Cross-Species RSA Reveals Conserved Early Visual Alignment but Divergent Higher-Area Rankings Across Human fMRI and Macaque Electrophysiology
Pith reviewed 2026-05-22 07:36 UTC · model grok-4.3
The pith
Early visual alignment holds across human fMRI and macaque electrophysiology, but higher-area rankings diverge with model capacity.
A machine-rendered reading of the paper's core claim, the machinery that carries it, and where it could break.
Core claim
Using identical model weights, all five learning rules achieve higher alignment with macaque early visual cortex than with human fMRI data, with spike-timing-dependent plasticity and predictive coding leading at V1/V2; at IT, learning-rule rankings show zero correlation across species and a pretrained ResNet-50 substantially outperforms the custom models.
What carries the argument
Cross-species representational similarity analysis (RSA) that compares model activation patterns to brain recordings while holding model weights fixed from the human study.
If this is right
- Alignment in early visual areas remains robust even when switching from human fMRI to macaque single-unit recordings.
- The same learning rules that lead in human V1 also lead in macaque V1/V2.
- Higher-area alignment at IT is more sensitive to overall model capacity and training dataset than to the specific learning rule used.

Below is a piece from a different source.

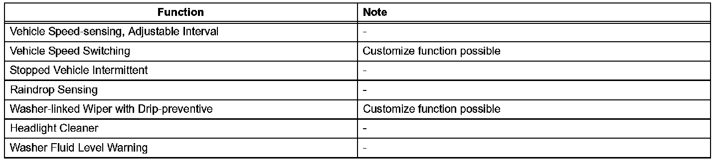 a. The wiper and washer system may have some of the given functions:

- Null results on rule rankings at IT are expected given only five rules and are further limited by stimulus differences.
Where Pith is reading between the lines
- Shared early visual alignment suggests that basic feature extraction mechanisms can be modeled once and applied across primate species.
- Higher visual areas may require species-specific stimulus statistics or larger capacity to produce matching rankings.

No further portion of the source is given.